Do’s and Don’ts After a Texas Car Accident

A crash happens in seconds. The decisions you make in the next few minutes can shape your health, your claim, and the path to recovery. Calm is hard to find when airbags deploy and traffic stacks up behind you, yet a few steady steps protect both safety and evidence.

Calling an attorney after a car accident.

This guide covers practical do’s and don’ts for car accidents in Texas, with pointers on police reports, insurance issues, and how Texas laws affect your case. It is written for real life in Sugar Land, TX, and greater Houston, where busy corridors meet heavy commuter flow. Use it to stay grounded, make smart choices, and safeguard your rights if you need a car accident lawyer later.

1) Immediate Safety and Legal Duties at the Scene

Your first priority is preventing a second collision. If your vehicle can be driven safely, Texas law expects you to move it out of travel lanes to a safe location and complete the information exchange there.
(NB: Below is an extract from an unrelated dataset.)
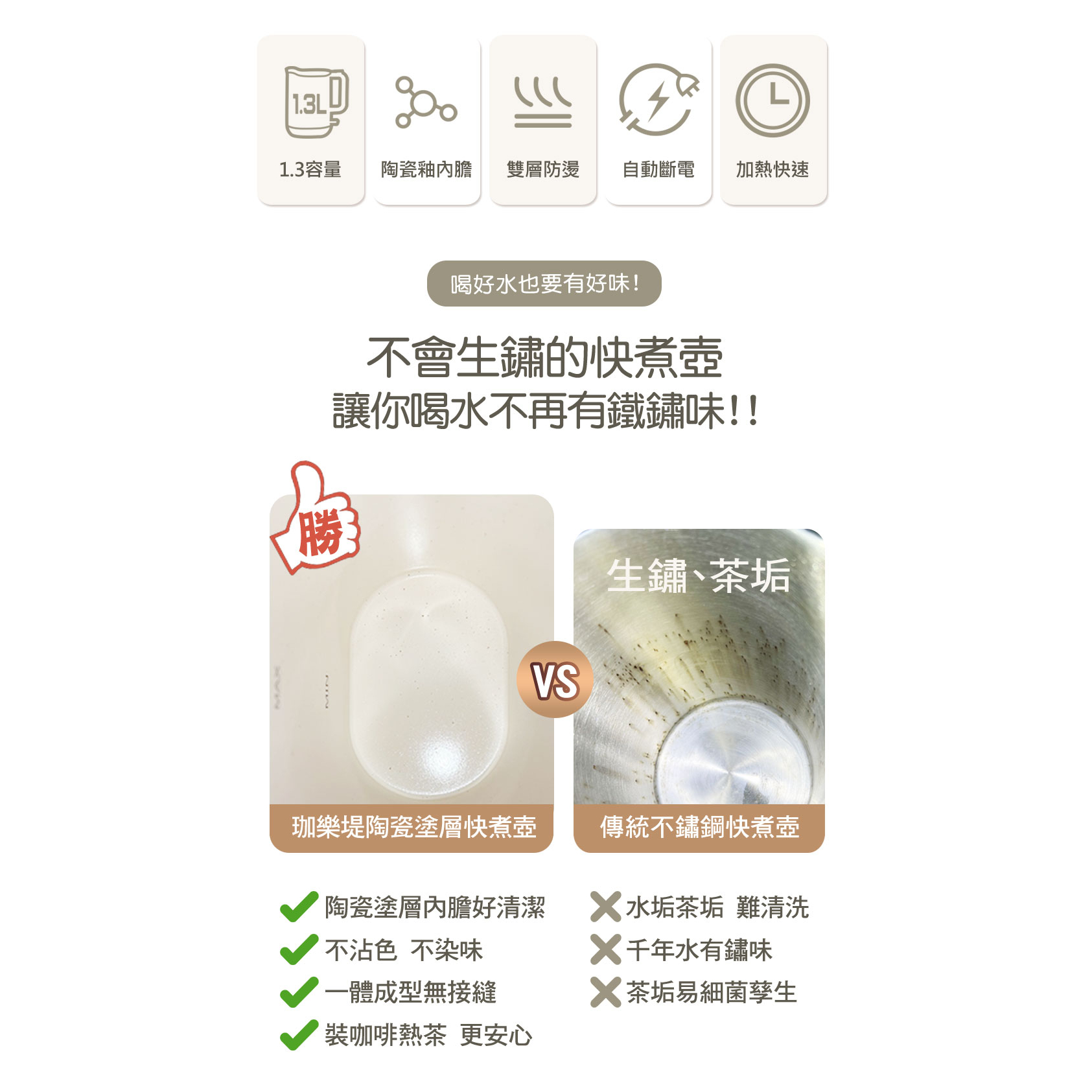 晶工旗艦館【義大利Giaretti】1.3公升陶瓷塗層快煮壺 GT-KTC26晶工旗艦館【義大利Giaretti】1.3公升陶瓷塗層快煮壺 GT-KTC26KettlesJINKON 晶工官方旗艦館
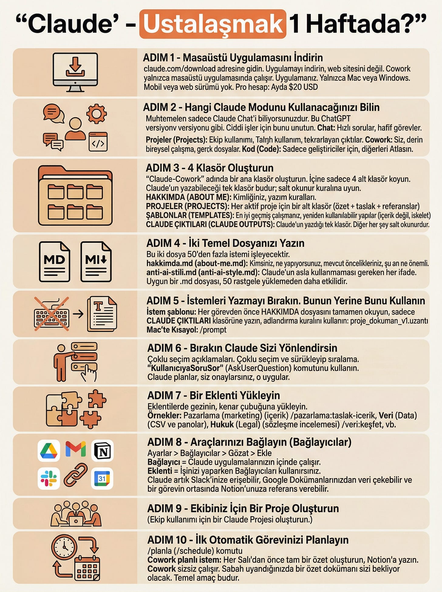 Aynı Cowork oturumunda (hakkımda dosyasından sonra devam edin) şu prompt’u yapıştırın:

The rule is commonly called “Steer It, Clear It,” and it keeps you and everyone behind you out of harm’s way.

As soon as reasonably possible, check for injuries and call 911. If there are injuries, a death, or any vehicle is disabled, you must report the crash by the quickest means of communication to local police or the sheriff, depending on where the wreck occurred. Stay at the scene, exchange information, and offer reasonable aid if someone needs help getting to medical care.

  • Move drivable vehicles to a safe spot nearby to reduce danger and complete the exchange.
  • Call 911 if anyone is hurt, if a car cannot be safely driven, or if you are unsure.
  • Exchange names, addresses, vehicle registration, and insurance; show your license on request. Provide reasonable assistance to anyone who appears to need medical care.
  • Do not leave. Remaining at the scene until duties are complete is required in crashes with injury or attended vehicle damage.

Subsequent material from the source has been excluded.